Seja qual for o tipo de intervenção, o terapeuta deve ter respeito pelo tempo da
criança e pelas suas necessidades, tentando sempre ser genuíno com a mesma, prezando
a “sensibilidade, dedicação, carinho” (Menicalli, 2002).
Conclusão
O Mutismo Seletivo caracteriza-se por uma recusa na fala presente em diversos
contextos que, por norma estão associados a algum tipo de stress e, apesar de haver
recusa da fala, a capacidade de comunicar verbalmente está intacta. Esta perturbação
afeta maioritariamente crianças em idade escolar, estando por norma associada a um
comprometimento do funcionamento neste contexto.
O diagnóstico desta perturbação ocorre por norma dos 3 a 7 anos, no entanto,
muitos casos não são reportados, o que dificulta uma intervenção precoce. Assim,
muitos casos não são devidamente tratados levando a diversas consequências a nível
funcional e psíquico, de entre as quais, dificuldades na interacção social e elevados
níveis de angústia e sofrimento.
Deste modo, na tentativa de reduzir o impacto desta perturbação na vida da
criança e melhorar o seu funcionamento a diversos níveis, é importante intervir
adequadamente. Para tal, o mais importante é usar o silêncio como uma ferramenta
terapêutica e não como um impedimento à terapia.
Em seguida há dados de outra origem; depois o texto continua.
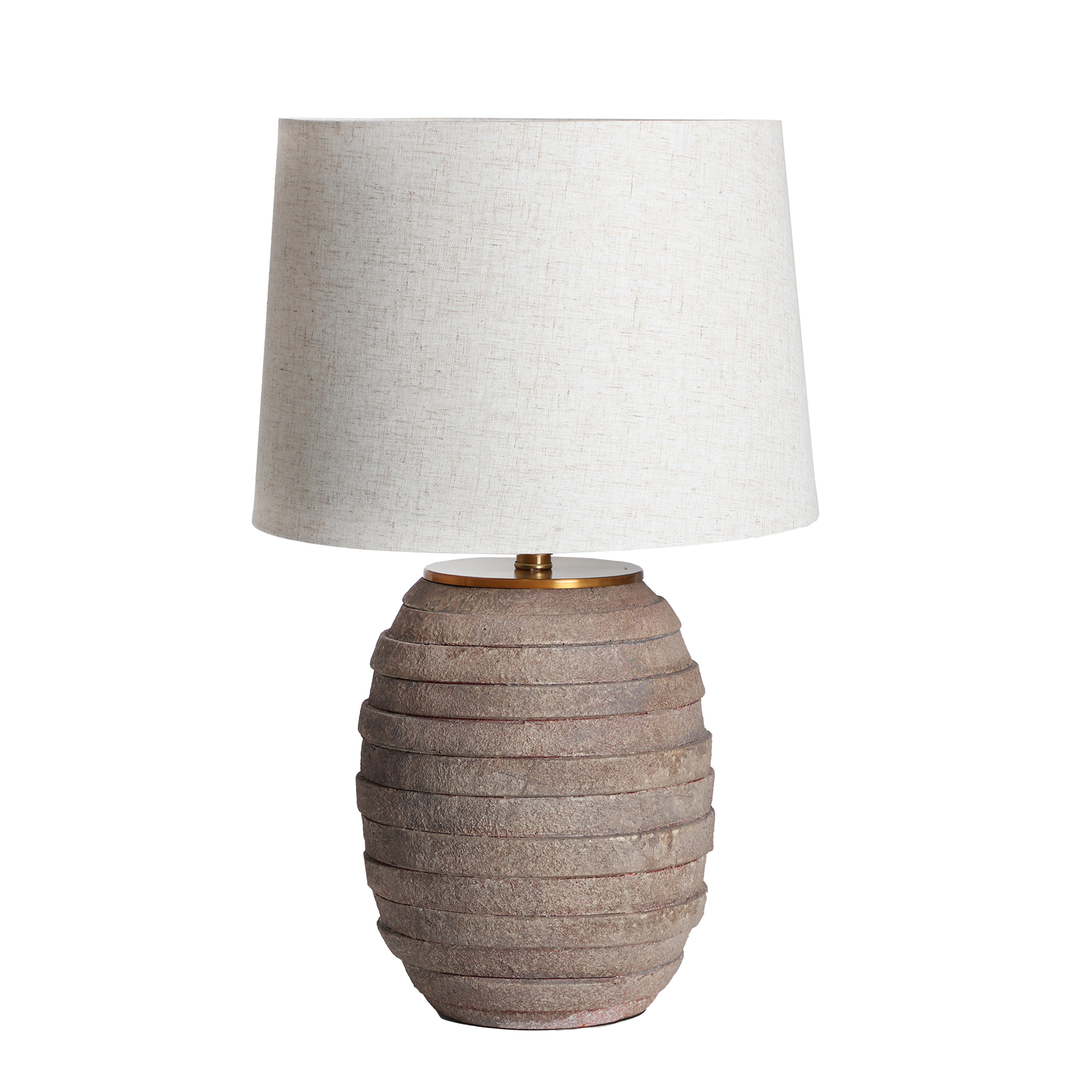 Lámpara de sobremesa nora de estilo provenzal, fabricado en cerámica en color marrón con acabado envejecido, combinado con hierro en color oro y lino en color blanco roto. Producto desmontable.

A psicanálise e a Ludoterapia, utilizando métodos distintos, objectivam a
compreensão dos conflitos internos que estão inerentes ao Mutismo Por um lado, a
psicanálise foca a expressão livre desses conflitos tendo por base uma escuta atenta e
preservando sempre o self da criança. Por outro lado, a Ludoterapia recorre à
brincadeira e ao jogo como modo de expressão, permitindo que a criança espelhe no ato
de brincar situações do seu quotidiano e que podem estar na base do comportamento do
Mutismo.
As terapias psicodinâmicas apresentam-se assim como bastante eficazes na gestão
do silêncio característico do Mutismo Seletivo, focando-se sobretudo no significado que
está por detrás do mesmo e não apenas em extinguir esse silêncio.